*** Dataset content Section Begins ***
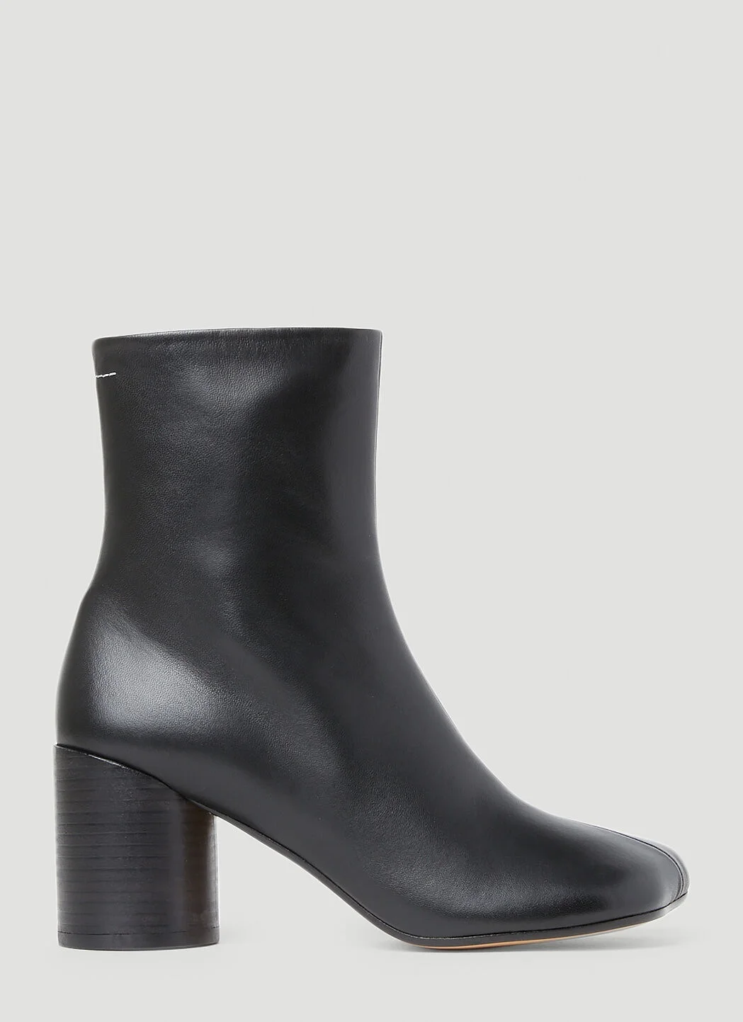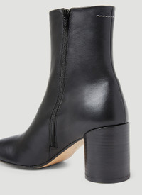 Leather ankle boots with square toe. - Square toe - Side zip fastening - Stacked heel - Signature logo stitch - 100% Leather - Color: Black - Code: S59WU0235 P3628 T8013
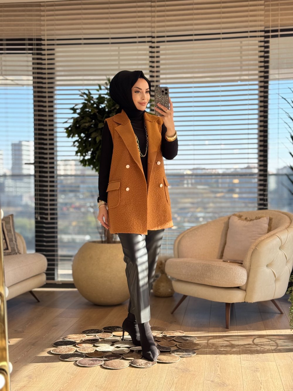 7889 Bukle Dört Düğmeli Yelek Kiremit
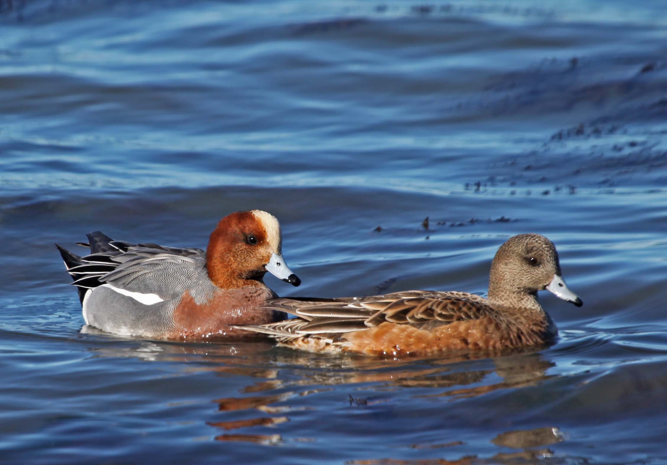 Male Eurasian - female American Wigeons at the right
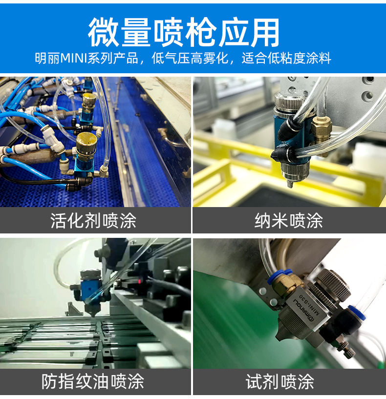 适用范围 | 水性、油性微量涂料,小型玩具、防指纹油等喷涂 | ||
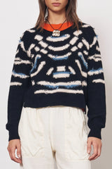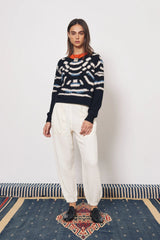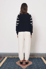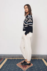 Our Zuri Pullover Sweater is an upgrade to an already top-selling long-sleeve sweater silhouette. Purposefully done inside out for raw edge detailing, this quietly-cropped crew neck comes in a pastel palette of light denim and chalk or a seasonless graphic black and white.
*** Dataset content Section Ends ***
# Instructions to follow
Leaving out every picture, copy exactly the lines from the one that contains "Male Eurasian - female" through the end of the entries above.

# Problem solution
 Male Eurasian - female American Wigeons at the right
 适用范围 | 水性、油性微量涂料,小型玩具、防指纹油等喷涂 | ||
 Our Zuri Pullover Sweater is an upgrade to an already top-selling long-sleeve sweater silhouette. Purposefully done inside out for raw edge detailing, this quietly-cropped crew neck comes in a pastel palette of light denim and chalk or a seasonless graphic black and white.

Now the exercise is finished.